RECORDS PROVIDED ->
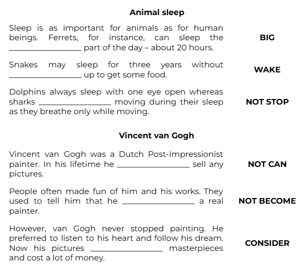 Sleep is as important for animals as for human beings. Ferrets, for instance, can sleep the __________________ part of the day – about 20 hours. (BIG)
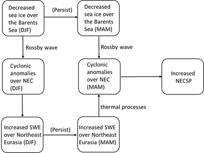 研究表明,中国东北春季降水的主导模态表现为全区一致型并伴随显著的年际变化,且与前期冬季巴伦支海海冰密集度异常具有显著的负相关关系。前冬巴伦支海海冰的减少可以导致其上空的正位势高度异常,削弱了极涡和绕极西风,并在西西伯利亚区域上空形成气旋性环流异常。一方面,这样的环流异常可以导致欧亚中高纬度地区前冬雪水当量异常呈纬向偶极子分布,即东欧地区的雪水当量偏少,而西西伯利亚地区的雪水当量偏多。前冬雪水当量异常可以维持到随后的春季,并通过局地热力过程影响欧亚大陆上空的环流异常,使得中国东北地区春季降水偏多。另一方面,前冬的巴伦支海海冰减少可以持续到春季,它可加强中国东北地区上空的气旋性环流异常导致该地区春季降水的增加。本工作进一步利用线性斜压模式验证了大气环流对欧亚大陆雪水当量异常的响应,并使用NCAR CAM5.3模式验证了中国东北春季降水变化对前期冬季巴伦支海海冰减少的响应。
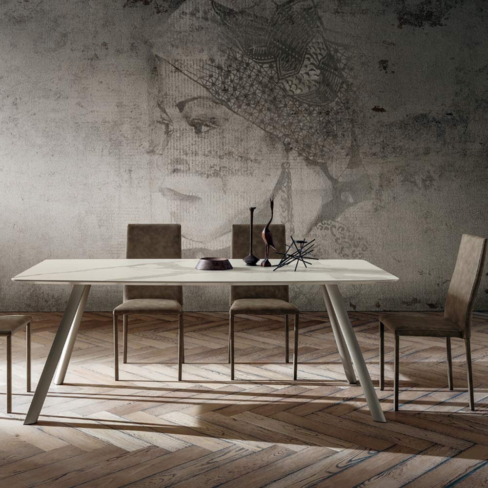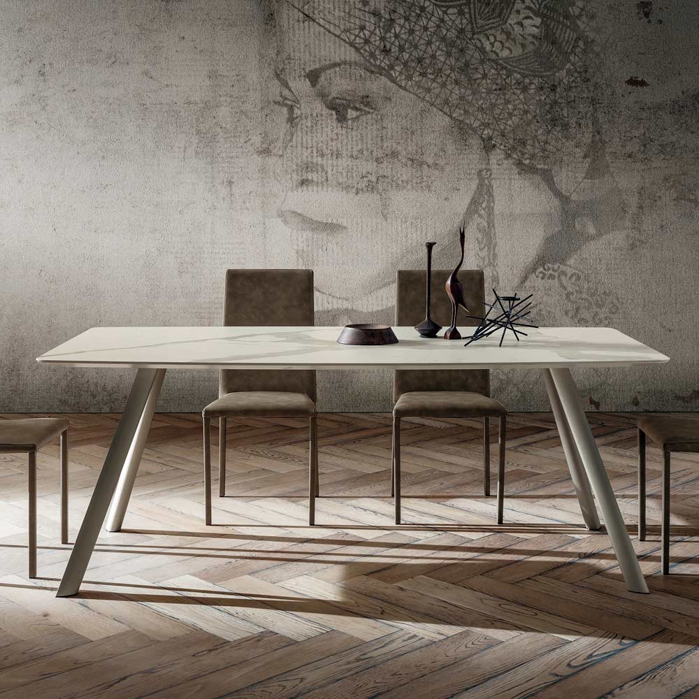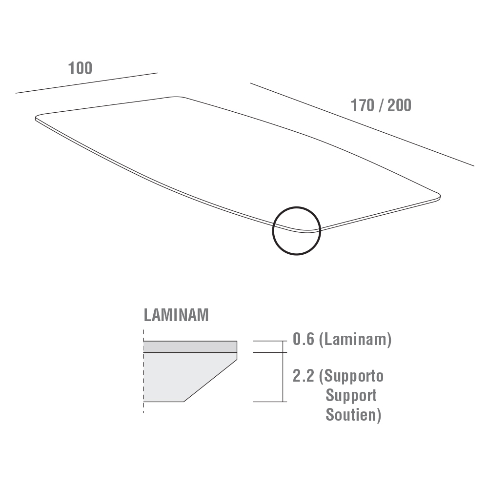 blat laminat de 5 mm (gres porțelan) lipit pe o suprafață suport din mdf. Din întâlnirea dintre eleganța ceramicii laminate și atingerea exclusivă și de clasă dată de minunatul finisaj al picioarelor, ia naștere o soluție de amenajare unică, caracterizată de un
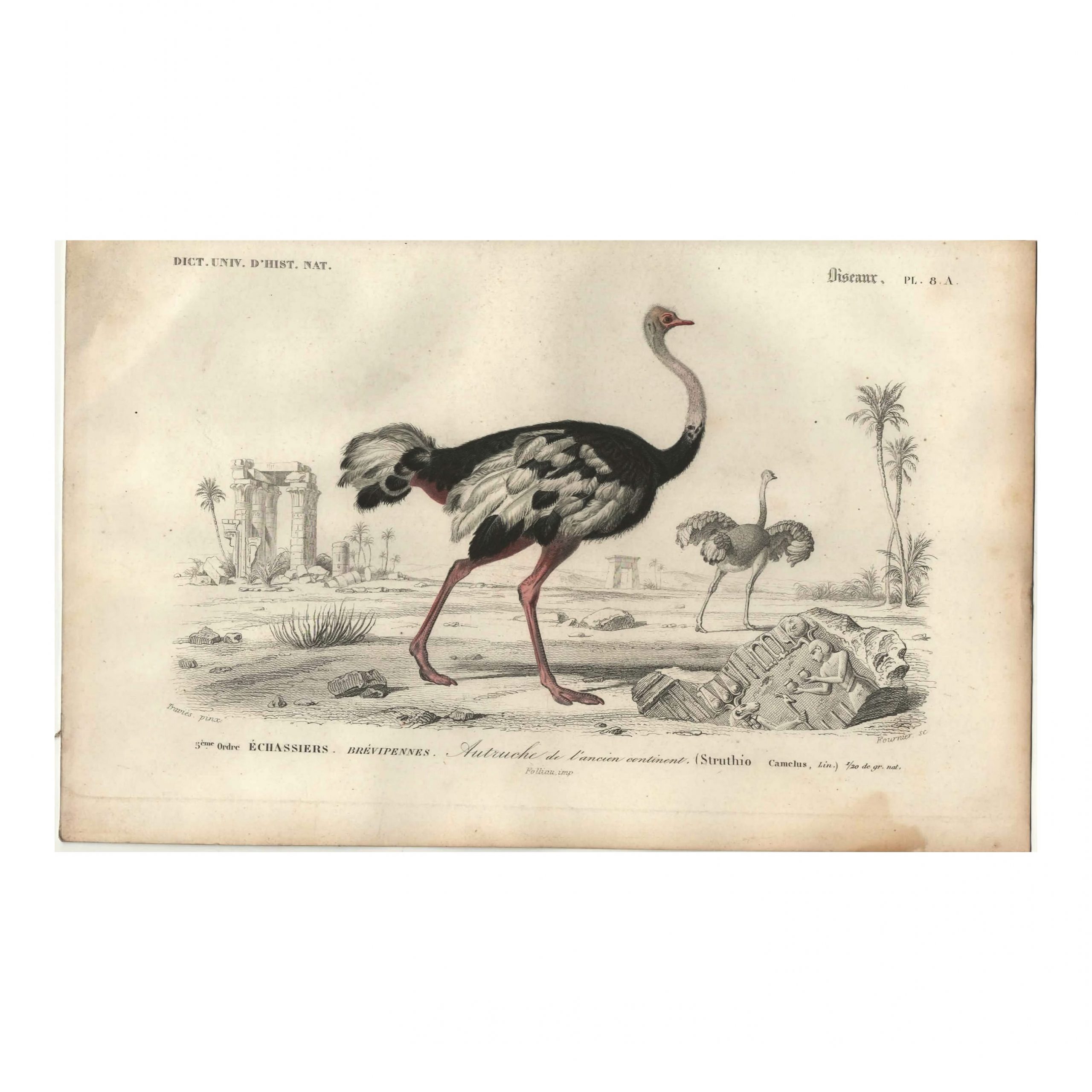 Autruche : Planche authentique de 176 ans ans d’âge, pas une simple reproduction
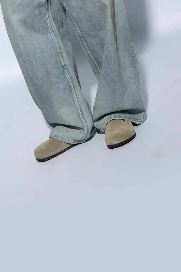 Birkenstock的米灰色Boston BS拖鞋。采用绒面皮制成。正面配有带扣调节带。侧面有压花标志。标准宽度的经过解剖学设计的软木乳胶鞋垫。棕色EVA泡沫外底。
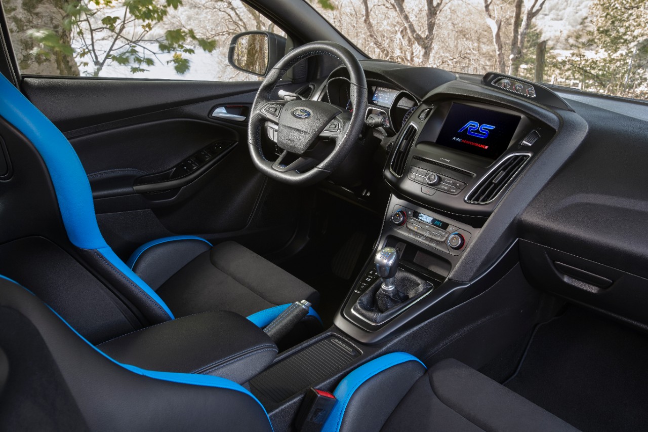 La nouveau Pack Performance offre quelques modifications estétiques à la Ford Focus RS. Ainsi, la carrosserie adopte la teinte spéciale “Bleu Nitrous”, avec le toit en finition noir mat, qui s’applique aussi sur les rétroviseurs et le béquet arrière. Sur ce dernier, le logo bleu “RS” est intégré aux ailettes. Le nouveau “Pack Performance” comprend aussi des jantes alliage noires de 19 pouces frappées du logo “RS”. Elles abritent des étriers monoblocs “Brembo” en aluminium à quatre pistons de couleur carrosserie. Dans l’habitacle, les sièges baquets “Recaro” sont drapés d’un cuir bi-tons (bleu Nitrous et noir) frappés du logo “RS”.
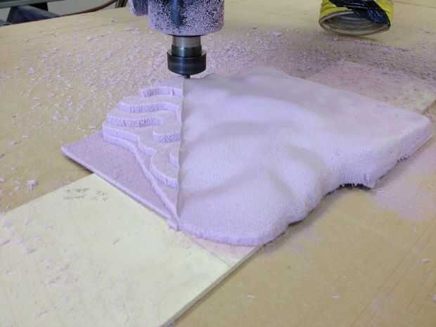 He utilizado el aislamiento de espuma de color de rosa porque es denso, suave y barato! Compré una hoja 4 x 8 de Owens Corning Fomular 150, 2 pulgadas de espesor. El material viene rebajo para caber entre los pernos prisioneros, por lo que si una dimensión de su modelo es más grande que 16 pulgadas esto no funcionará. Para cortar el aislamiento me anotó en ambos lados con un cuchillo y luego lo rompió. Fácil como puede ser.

==

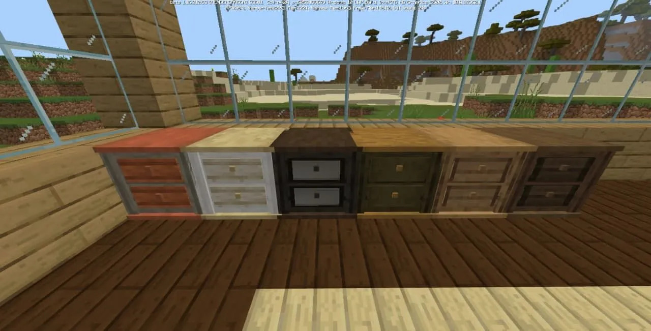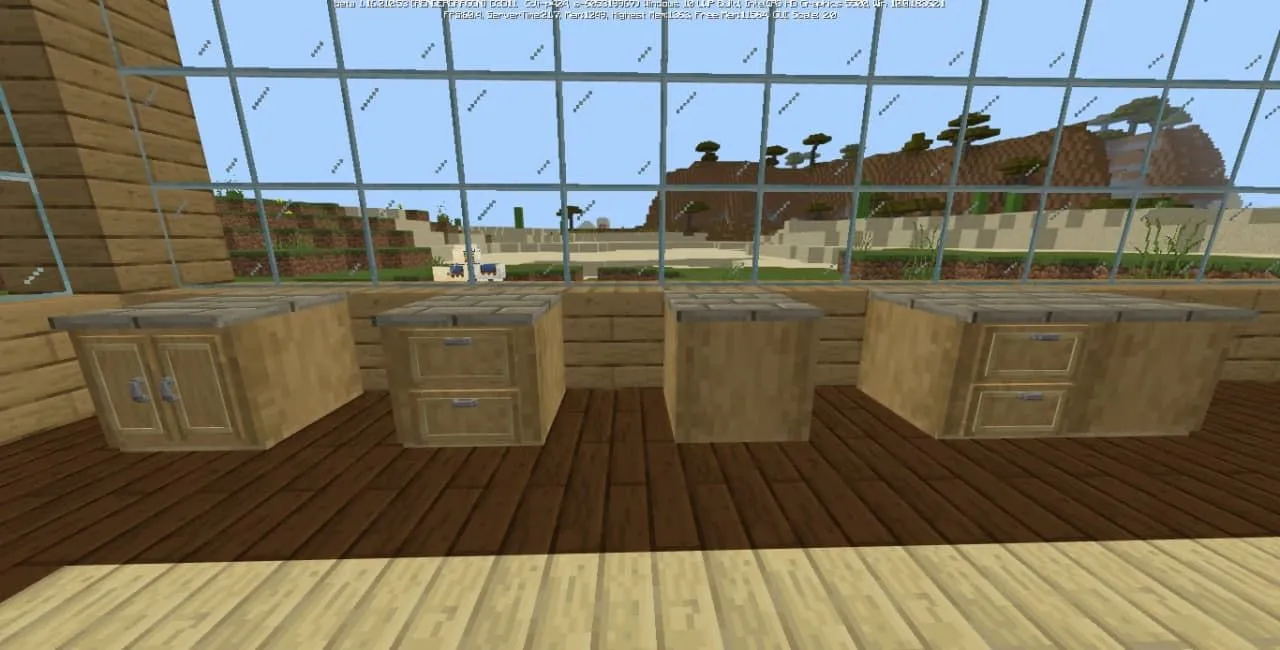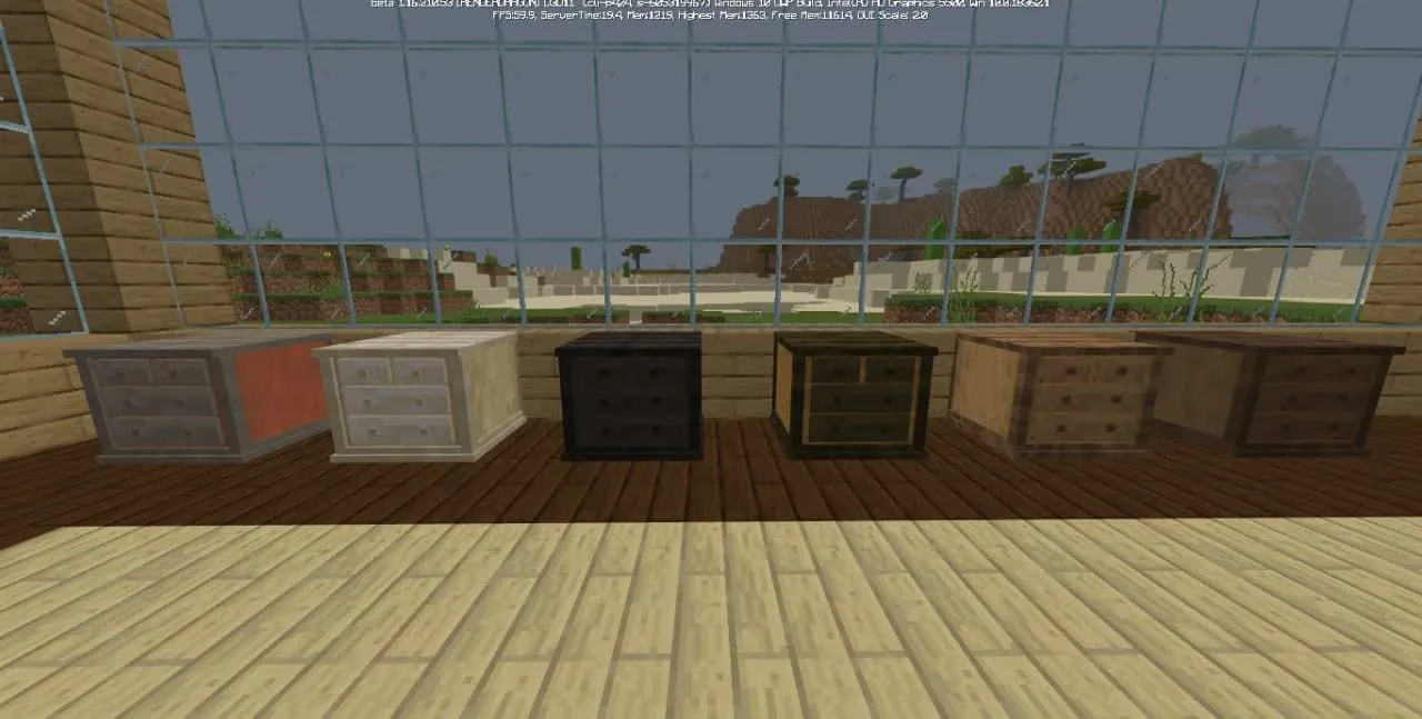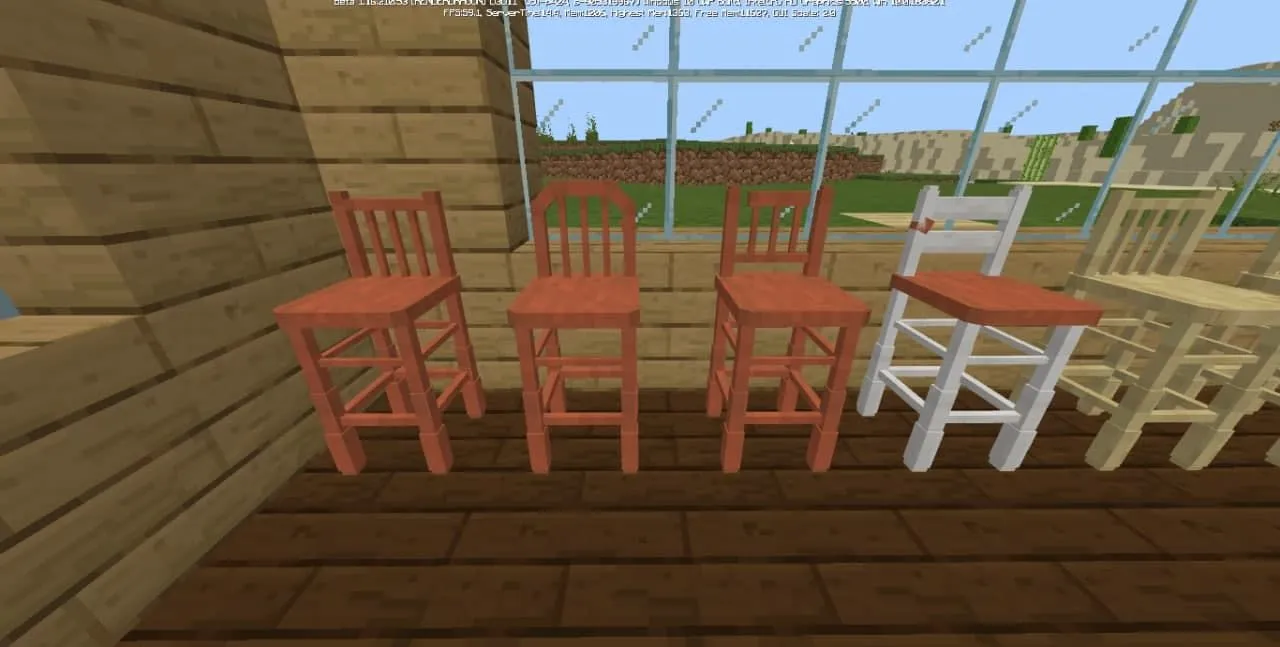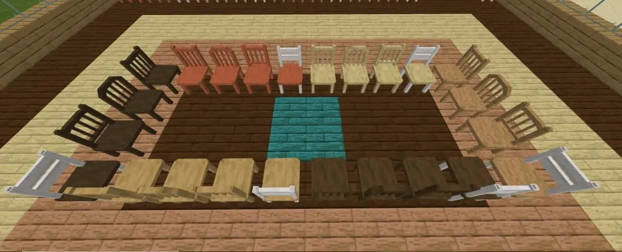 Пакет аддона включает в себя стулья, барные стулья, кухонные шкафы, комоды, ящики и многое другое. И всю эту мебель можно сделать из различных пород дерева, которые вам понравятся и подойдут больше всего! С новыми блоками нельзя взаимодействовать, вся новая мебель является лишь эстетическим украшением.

...

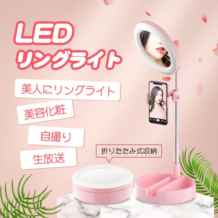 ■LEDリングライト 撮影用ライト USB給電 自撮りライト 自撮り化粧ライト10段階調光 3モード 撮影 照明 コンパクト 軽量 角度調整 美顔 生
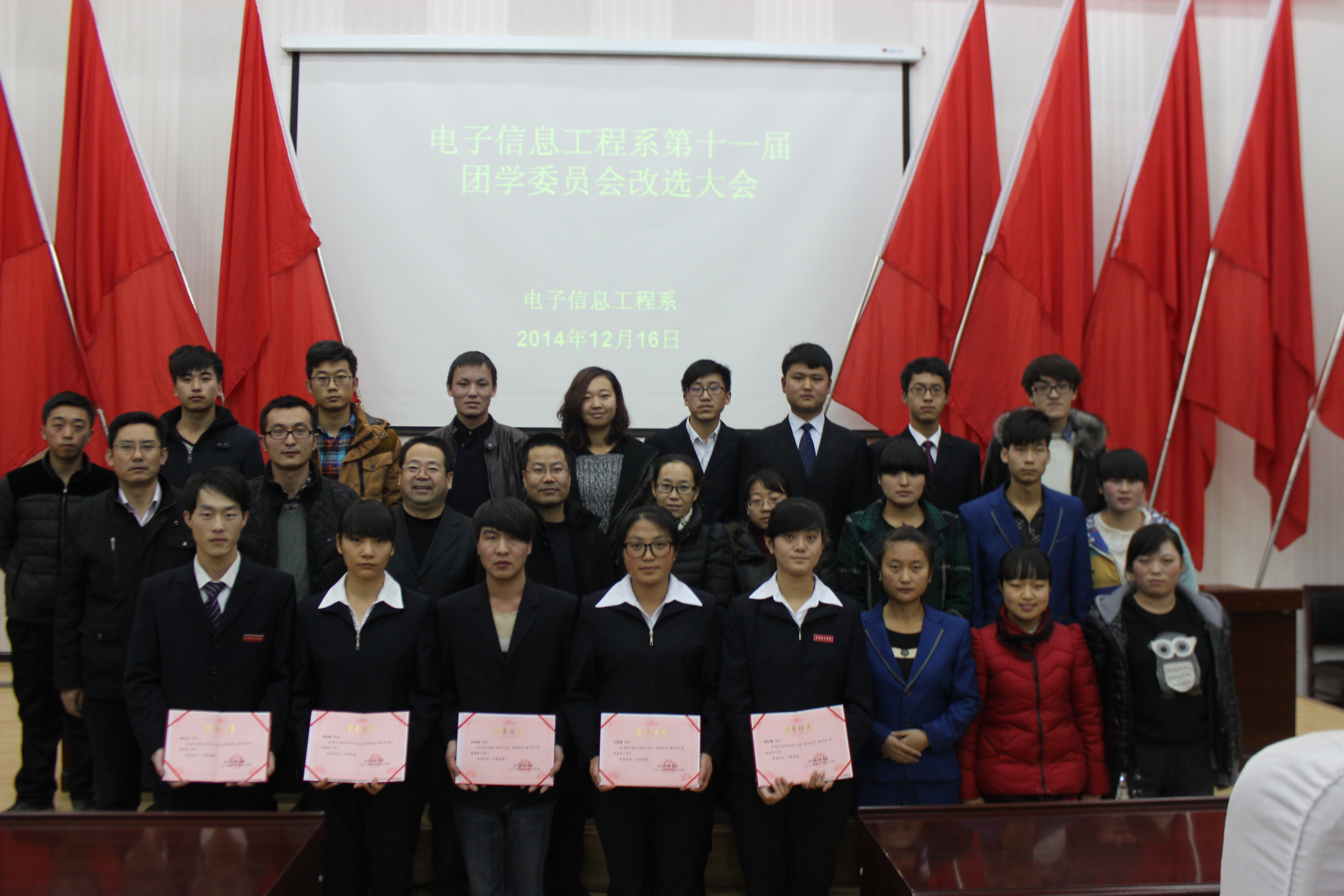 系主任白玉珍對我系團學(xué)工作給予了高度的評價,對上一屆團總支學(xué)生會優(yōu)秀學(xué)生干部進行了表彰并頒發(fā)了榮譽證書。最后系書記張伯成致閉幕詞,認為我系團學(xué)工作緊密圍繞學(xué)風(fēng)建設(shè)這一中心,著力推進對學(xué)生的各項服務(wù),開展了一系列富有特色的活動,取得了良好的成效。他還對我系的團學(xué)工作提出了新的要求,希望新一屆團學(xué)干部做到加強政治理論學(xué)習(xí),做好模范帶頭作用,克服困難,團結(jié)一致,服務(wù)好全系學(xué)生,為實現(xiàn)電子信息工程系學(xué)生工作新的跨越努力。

HOW TO COMPLETE THIS TASK -> Your answer should be the lines above, word for word, from the line with "Autruche : Planche" through the line with "La nouveau Pack", minus the pictures.

RESPONSE BOX ->
 Autruche : Planche authentique de 176 ans ans d’âge, pas une simple reproduction
 Birkenstock的米灰色Boston BS拖鞋。采用绒面皮制成。正面配有带扣调节带。侧面有压花标志。标准宽度的经过解剖学设计的软木乳胶鞋垫。棕色EVA泡沫外底。
 La nouveau Pack Performance offre quelques modifications estétiques à la Ford Focus RS. Ainsi, la carrosserie adopte la teinte spéciale “Bleu Nitrous”, avec le toit en finition noir mat, qui s’applique aussi sur les rétroviseurs et le béquet arrière. Sur ce dernier, le logo bleu “RS” est intégré aux ailettes. Le nouveau “Pack Performance” comprend aussi des jantes alliage noires de 19 pouces frappées du logo “RS”. Elles abritent des étriers monoblocs “Brembo” en aluminium à quatre pistons de couleur carrosserie. Dans l’habitacle, les sièges baquets “Recaro” sont drapés d’un cuir bi-tons (bleu Nitrous et noir) frappés du logo “RS”.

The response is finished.